Whenever we make any code modifications, we need to restart Celery to have it reload the new Python code. Our current solution is to send a SIGTERM to the main Celery process (kill -s 15 `cat /var/run/celeryd.pid`), then to wait for it to die and restart it (python manage.py celeryd --pidfile=/var/run/celeryd.pid [...]).

每当我们进行任何代码修改时，我们都需要重新启动 Celery 以使其重新加载新的 Python 代码。我们当前的解决方案是向 Celery 主进程发送一个 SIGTERM ( kill -s 15 `cat /var/run/celeryd.pid`)，然后等待它死亡并重新启动它 ( python manage.py celeryd --pidfile=/var/run/celeryd.pid [...])。

Because of the long-running tasks, this usually means the shutdown will take a minute or two, during which no new tasks are processed, causing a noticeable delay to users currently on the site. I'm looking for a way to tell Celery to shutdown, but then immediately launch a new Celery instance to start running new tasks.

由于长时间运行的任务，这通常意味着关闭需要一两分钟，在此期间不会处理任何新任务，从而对当前站点上的用户造成明显延迟。我正在寻找一种方法来告诉 Celery 关闭，然后立即启动一个新的 Celery 实例以开始运行新任务。

Things that didn'twork:

事情并没有工作：

Sending SIGHUP to the main process: this caused Celery to attempt to "restart," by doing a warm shutdown and then relaunching itself. Not only does this take a long time, it doesn't even work, because apparently the new process launches before the old one dies, so the new one complains ERROR: Pidfile (/var/run/celeryd.pid) already exists. Seems we're already running? (PID: 13214)and dies immediately. (This looks like a bug in Celery itself; I've let them knowabout it.)
Sending SIGTERM to the main process and then immediately launching a new instance: same issue with the Pidfile.
Disabling the Pidfile entirely: without it, we have no way of telling which of the 30 Celery process are the main process that needs to be sent a SIGTERM when we want it to do a warm shutdown. We also have no reliable way to check if the main process is still alive.
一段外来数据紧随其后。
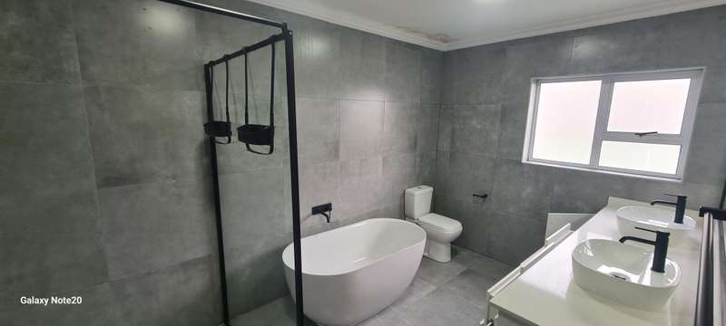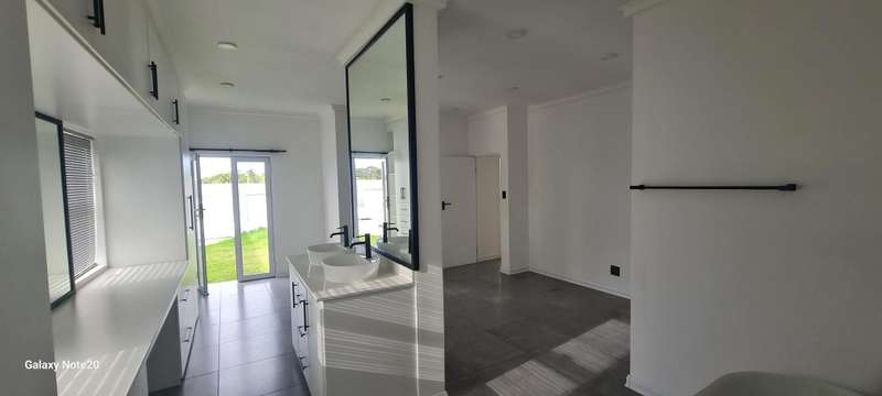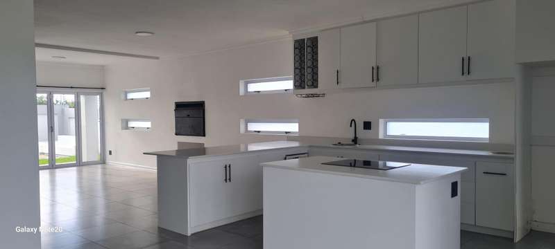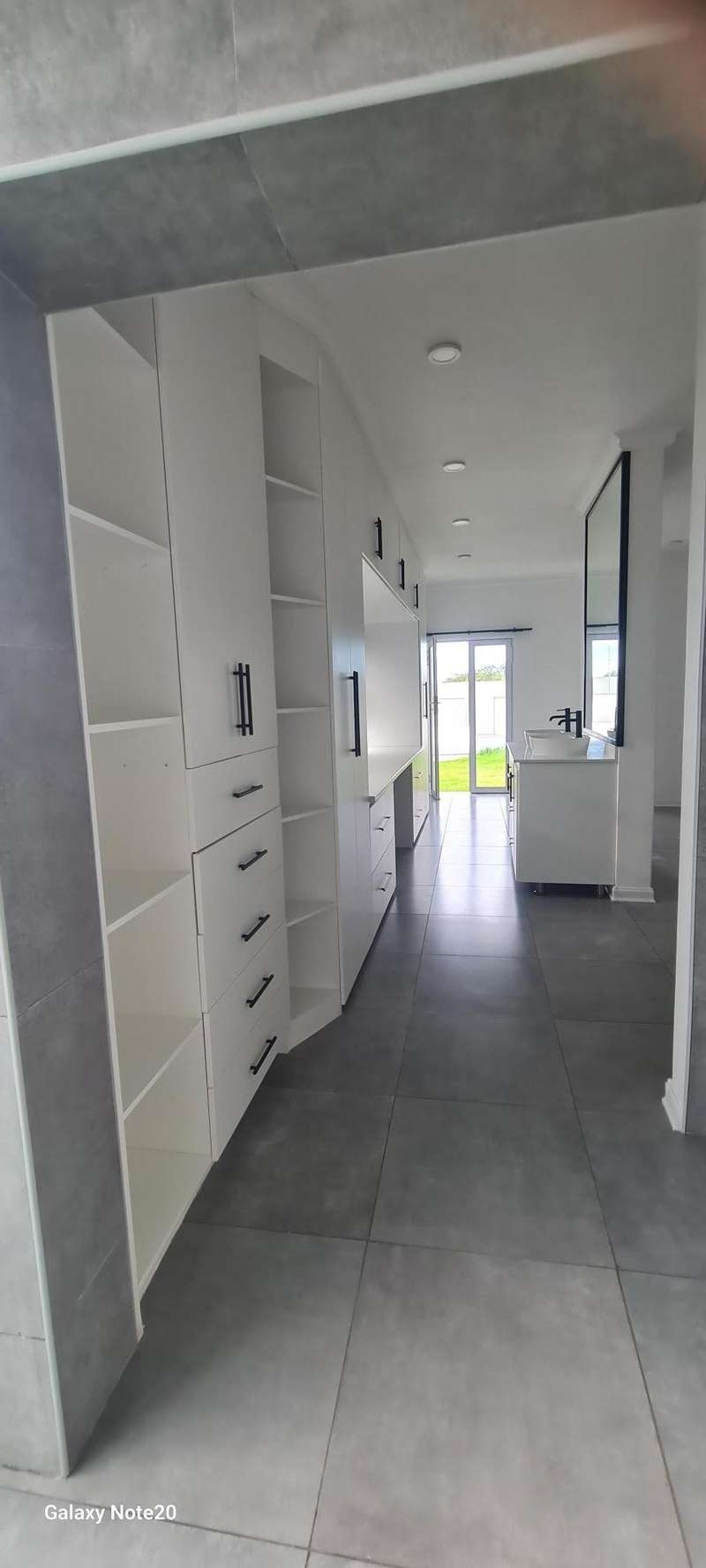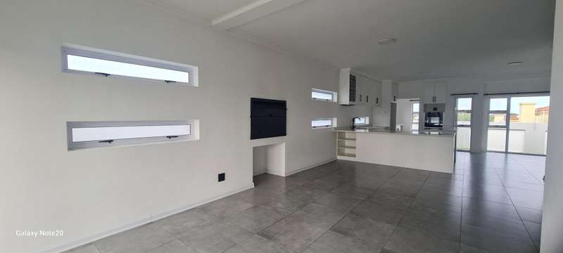 A beautiful home in Aston Bay waits for a new owner. The property is new, offers you 3 spacious bedrooms. The main bedroom is something to dream of. It has a deep oval bath, huge shower as well as a private outside shower, lots of cupboards, HIS and HERS basins and lots of privacy! The other 2 bedrooms share another beautiful bathroom. A linen cupboard, a lobby with a basin and a small private area make this part of the house private. The lovely kitchen (with separate scullery) and open plan dining and entertaining area has an indoor braai, walks out through sliding doors onto a boma where you can relax for hours and hours! The lounge area has a fire place for the cold winter evenings. The property is new, modern and safe. A double garage is connected to the house and the property is fully walled. has electric fencing and a heavy duty automated gate. Aston Bay is a small coastal town next to Jeffreys Bay. The community is one of care, friendliness and love. The Seekoei River Nature Reserve offers you bird watching, small game and love vegetation. A special smell makes this wonderful town ONE of a KIND!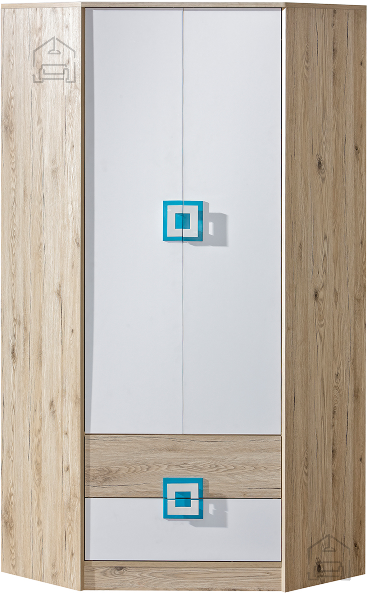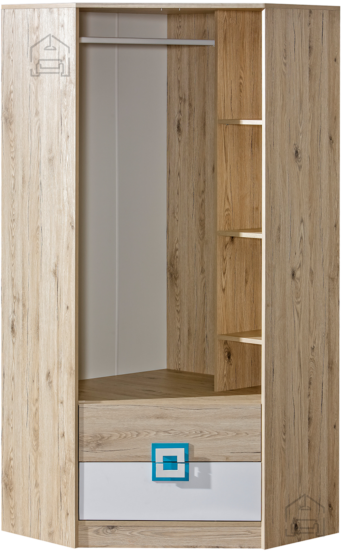 Kotna garderobna omara Nico 2 – hrast/turkizna je praktična rešitev za vsak dom, kjer sta pomembna tako prostorska učinkovitost kot estetski videz. Izdelana je iz kakovostne iverne laminirane plošče debeline 16 mm, ki zagotavlja stabilnost, dolgo življenjsko dobo in enostavno čiščenje. Kombinacija svetlega hrasta in bele barve s turkiznimi poudarki na ročajih prinaša sodoben, svež videz, ki se lepo ujema z različnimi notranjimi slogi – od skandinavskega do minimalističnega.

将 SIGHUP 发送到主进程：这导致 Celery 尝试通过热关机然后重新启动自己来“重新启动”。这不仅需要很长时间，甚至不起作用，因为显然新进程在旧进程死亡之前启动，因此新进程ERROR: Pidfile (/var/run/celeryd.pid) already exists. Seems we're already running? (PID: 13214)立即抱怨并死亡。（这看起来像是 Celery 本身的一个错误；我已经让他们知道了。）
将 SIGTERM 发送到主进程，然后立即启动一个新实例：与 Pidfile 相同的问题。
完全禁用 Pidfile：没有它，我们无法判断 30 个 Celery 进程中的哪些是需要发送 SIGTERM 的主要进程，当我们希望它进行热关机时。我们也没有可靠的方法来检查主进程是否还活着。

Answer 1

回答by j_mcnally

Can you launch it with a custom pid file name. Possibly timestamped, and key off of that to know which PID to kill?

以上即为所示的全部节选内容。